## [Task instructions]
Only the lines below between the one holding "ここまでで、タイムスタンプを表示するプログラムはGitに保存されました。" and the one holding "En 2015, según", inclusive, are to be reproduced word for word; the pictures are to be left out.

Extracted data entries
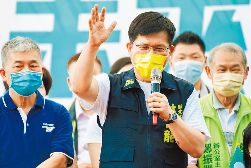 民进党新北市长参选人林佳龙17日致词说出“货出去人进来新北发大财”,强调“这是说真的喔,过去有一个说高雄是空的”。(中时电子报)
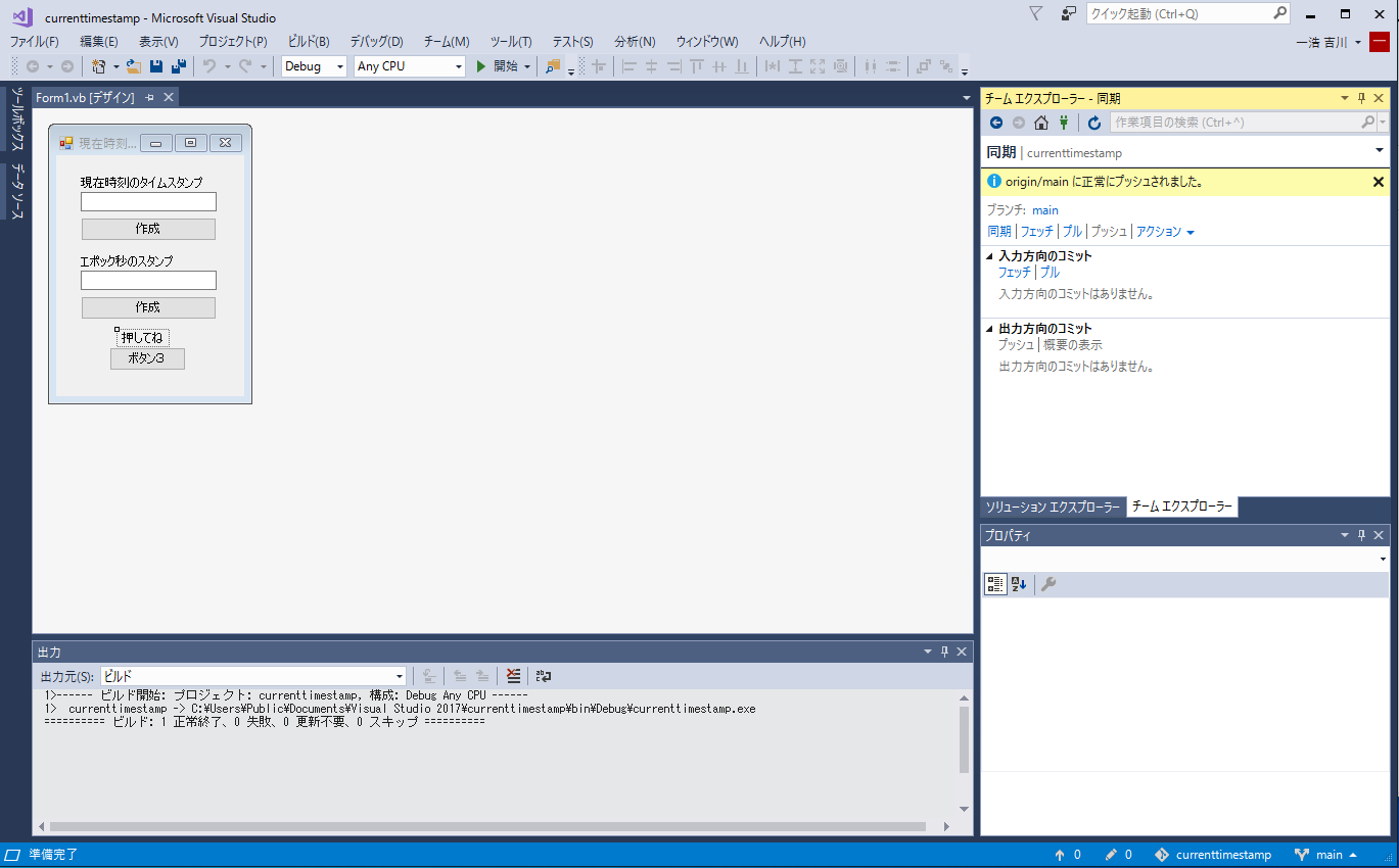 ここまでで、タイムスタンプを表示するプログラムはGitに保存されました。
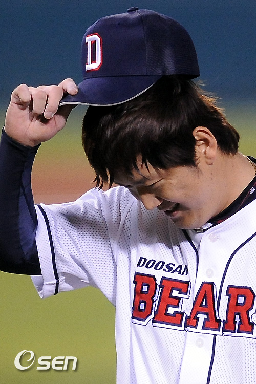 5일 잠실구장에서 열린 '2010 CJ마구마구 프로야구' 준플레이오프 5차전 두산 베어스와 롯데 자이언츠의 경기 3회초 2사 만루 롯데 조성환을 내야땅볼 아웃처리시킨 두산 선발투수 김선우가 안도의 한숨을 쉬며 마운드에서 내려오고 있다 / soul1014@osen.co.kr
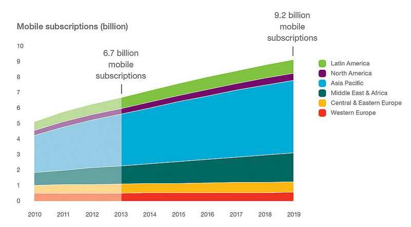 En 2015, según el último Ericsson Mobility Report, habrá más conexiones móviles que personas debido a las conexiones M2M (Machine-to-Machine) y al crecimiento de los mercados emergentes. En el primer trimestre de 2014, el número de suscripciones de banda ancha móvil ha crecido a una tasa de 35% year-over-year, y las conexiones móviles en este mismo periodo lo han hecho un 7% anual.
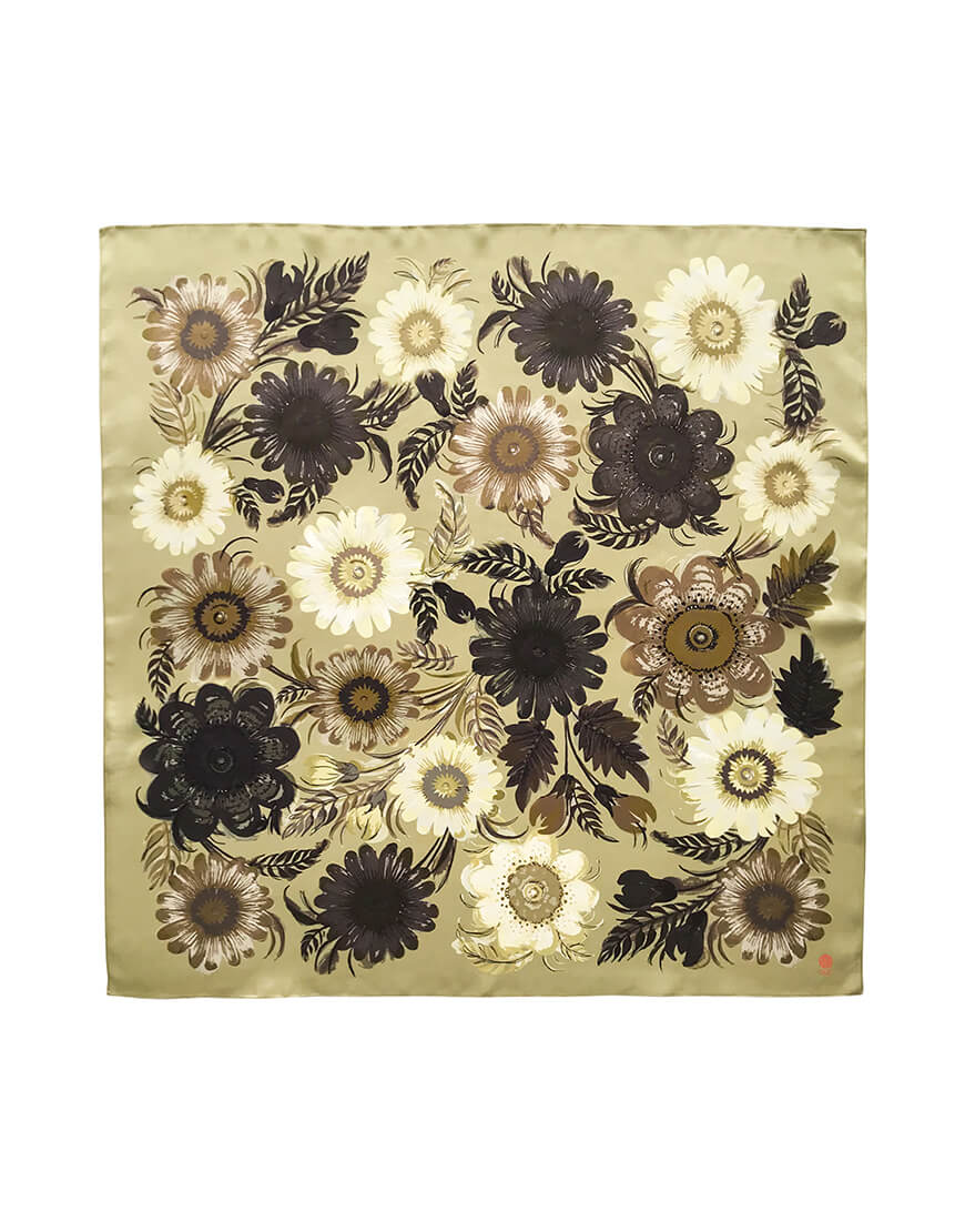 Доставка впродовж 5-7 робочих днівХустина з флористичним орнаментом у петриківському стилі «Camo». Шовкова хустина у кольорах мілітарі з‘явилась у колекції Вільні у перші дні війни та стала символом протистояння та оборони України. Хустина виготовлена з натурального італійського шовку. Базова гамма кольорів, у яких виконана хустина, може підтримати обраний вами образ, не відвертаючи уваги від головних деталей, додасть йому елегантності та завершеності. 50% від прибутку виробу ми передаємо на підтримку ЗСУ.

* * *

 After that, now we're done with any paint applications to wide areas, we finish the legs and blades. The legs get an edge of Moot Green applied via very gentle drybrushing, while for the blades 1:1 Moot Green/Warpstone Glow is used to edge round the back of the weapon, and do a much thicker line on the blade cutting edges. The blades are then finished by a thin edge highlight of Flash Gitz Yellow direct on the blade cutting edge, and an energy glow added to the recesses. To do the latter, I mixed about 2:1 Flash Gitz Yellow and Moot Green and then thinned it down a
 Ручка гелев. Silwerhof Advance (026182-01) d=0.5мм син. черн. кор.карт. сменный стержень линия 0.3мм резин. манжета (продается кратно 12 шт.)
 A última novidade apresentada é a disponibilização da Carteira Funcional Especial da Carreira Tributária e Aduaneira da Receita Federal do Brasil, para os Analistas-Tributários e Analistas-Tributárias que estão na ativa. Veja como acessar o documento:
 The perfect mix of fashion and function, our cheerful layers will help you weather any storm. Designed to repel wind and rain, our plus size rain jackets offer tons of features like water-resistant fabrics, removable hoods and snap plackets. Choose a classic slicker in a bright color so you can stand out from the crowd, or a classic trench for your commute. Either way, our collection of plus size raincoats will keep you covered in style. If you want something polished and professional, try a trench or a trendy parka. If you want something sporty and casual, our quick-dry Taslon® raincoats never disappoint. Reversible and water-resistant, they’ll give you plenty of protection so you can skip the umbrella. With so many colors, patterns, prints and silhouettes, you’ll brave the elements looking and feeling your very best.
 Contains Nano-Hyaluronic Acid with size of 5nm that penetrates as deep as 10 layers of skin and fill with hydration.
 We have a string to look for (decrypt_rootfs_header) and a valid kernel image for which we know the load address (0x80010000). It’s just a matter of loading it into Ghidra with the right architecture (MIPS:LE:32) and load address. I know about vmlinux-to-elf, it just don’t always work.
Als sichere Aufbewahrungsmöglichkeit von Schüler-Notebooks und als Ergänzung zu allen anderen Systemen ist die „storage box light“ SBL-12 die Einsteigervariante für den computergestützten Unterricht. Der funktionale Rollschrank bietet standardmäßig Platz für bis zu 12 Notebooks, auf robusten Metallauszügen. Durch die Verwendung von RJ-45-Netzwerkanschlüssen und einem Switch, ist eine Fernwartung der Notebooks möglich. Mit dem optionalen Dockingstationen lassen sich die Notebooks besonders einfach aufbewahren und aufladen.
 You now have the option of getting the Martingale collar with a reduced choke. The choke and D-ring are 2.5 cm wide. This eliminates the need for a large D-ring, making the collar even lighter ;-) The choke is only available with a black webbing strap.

## [Solution to the problem]
 ここまでで、タイムスタンプを表示するプログラムはGitに保存されました。
 5일 잠실구장에서 열린 '2010 CJ마구마구 프로야구' 준플레이오프 5차전 두산 베어스와 롯데 자이언츠의 경기 3회초 2사 만루 롯데 조성환을 내야땅볼 아웃처리시킨 두산 선발투수 김선우가 안도의 한숨을 쉬며 마운드에서 내려오고 있다 / soul1014@osen.co.kr
 En 2015, según el último Ericsson Mobility Report, habrá más conexiones móviles que personas debido a las conexiones M2M (Machine-to-Machine) y al crecimiento de los mercados emergentes. En el primer trimestre de 2014, el número de suscripciones de banda ancha móvil ha crecido a una tasa de 35% year-over-year, y las conexiones móviles en este mismo periodo lo han hecho un 7% anual.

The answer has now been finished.